That‘s how this debate has to be defined.  And the more Senator Obama does that, the more he will continue to gain on John McCain. 

GREGORY:  How important is it that this is a debate that Americans have heard over the last two cycles and, frankly, exactly the same way about who bears the ultimate responsibility for a bigger tax burden? 

FORD:  Well, I don‘t think the issue has to be framed in terms of a greater tax burden from one or the other.  The question becomes, where do we allocate our money?  Who gets what limited resources come the government?

No one wants to pay more in taxes than they should.  However, all of us paying taxes, we would much rather those taxes go to ensure we have a strong military, that veterans are taken care of, that the least in society have a chance, instead of ensuring that millionaires and oil companies gain a bigger tax break.

That‘s the issue.  It‘s values as much as it is dollars. 

GREGORY:  All right.  Richard Wolffe from “Newsweek,” tonight your headline is on McCain drawing the comparison between Obama and Carter.  This is the Democrat he wants people to be thinking about while Obama wants voters to be thinking about George Bush and McCain together. 

RICHARD WOLFFE, “NEWSWEEK”:  Right.  My headline is “What ‘70s Show?”  You know, you have to be of a certain age to remember what Jimmy Carter was like.  One thing to go after him on meeting with Hamas.  But you would have to be at least 50 to have voted for Jimmy Carter.  You have to be at least over 60 to have a vivid memory of what the economy was like, what the politics was like in that period.  And even if you‘re one of those strange voters who is over 60, your impression of the world of politics has changed. 

It‘s not frozen in amber (ph).  Barack Obama isn‘t talking about price controls.  We‘re not seeing gas lines at the pump.  So, the world has moved on.  And for John McCain to say there is a Jimmy Carter echo here I think speaks more about John McCain than the country right now. 

GREGORY:  Is it more about the liberal label, the weak label? 

WOLFFE:  Well, that‘s what he‘s trying to get at. 

GREGORY:  Yes.

WOLFFE:  But look, if you look at the comparison with the economy, for a start, in the ‘70s oil quadrupled in price.  And even at its peak, in today‘s dollars, it didn‘t top $100 a barrel.  Today, we‘re at $130 a barrel. 

The economy, while it‘s bad, is nothing like the wreck it was in the ‘70s.  There are so many differences here as an evocation of that era, it doesn‘t jell. 

GREGORY:  All right.  We‘re going to take a break here.

We‘re going to talk more about the tactical use of Jimmy Carter in his campaign and why McCain is doing it.  We‘re going to go inside the War Room next.

Also talk about inside the numbers, the fight over the economy and taxes.  Later in the show, your turn to play with the panel.  Call us, 212-790-2299.  Send us e-mail at race08@msnbc.com. 

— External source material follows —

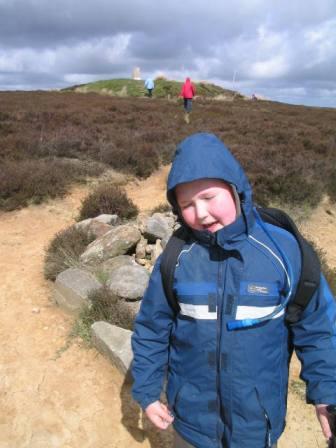 From our parking spot south of Gisborough Moor G/TW-003, we drove around to Clay Bank car park, the parking spot between Urra Moor-Round Hill G/TW-001 and Cringle Moor-Drake Howe G/TW-002. It is a fair old undulating way to TW-002 from here, but it is a good access point for TW-001, albeit a stiff climb, particularly at the start. In the car park, we met Geoff G0VAP who was out and about on his North Yorks Moors ranger duties. He mentioned that he had met Steve G1INK on summits in this area in the past, and made a promise to work us when we reached the summit ourselves. A short walk up the road towards Chop Gate was followed by a left turn into the field and the Cleveland Way national trail path. Shortly, we were climbing the steep stone steps up to the edge of the wide Urra Moor plateau. The hard work was out of the way, but we now had a 2km walk across the gently ascending moor to the summit of Round Hill. Along the way, we met some of the Coast 2 Coast walkers that had stayed at Osmotherley Youth Hostel with us. Yet again, it was very cold and very windy at the summit, and shelter was difficult to find. We did as best as we could by sitting down in the lee side of the summit, about 15 yards from the trig point.
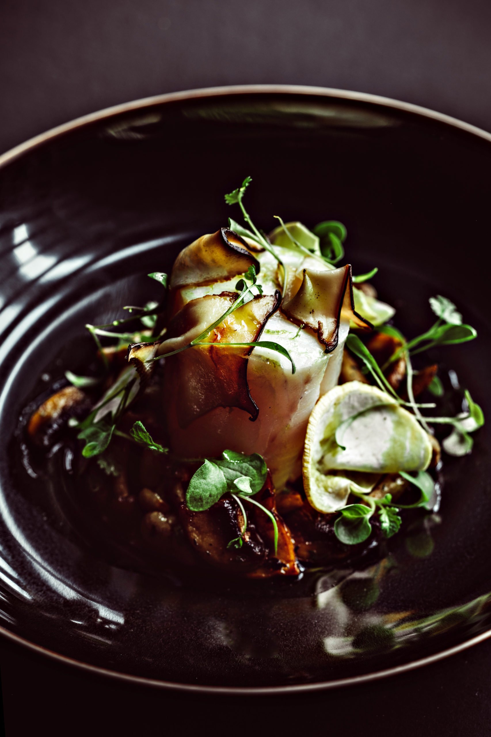 Cabillaud cuit à l’huile de coco (ou huile d’olive), sauce aux champignons, curcuma et gingembre de Thomas Danigo chez Monsieur George

We come right back after this break.

(COMMERCIAL BREAK)

GREGORY:  We are back on THE RACE, going inside the War Room now to get a sense of the strategy behind these campaigns.  Only a couple of days into a full-throated debate here in the general election, and it‘s all about the economy.  It‘s the debate that Americans, that voters want these candidates to have.

Back with us, Richard Wolffe, Rachel Maddow, Harold Ford, Jr., and Michael Smerconish.

OK, topic one: battle over the economy.

McCain hits Obama today, and hard.  Listen.

(BEGIN VIDEO CLIP)

MCCAIN:  No matter which of us wins in November, there will be change in Washington.  The question is, what kind of change? 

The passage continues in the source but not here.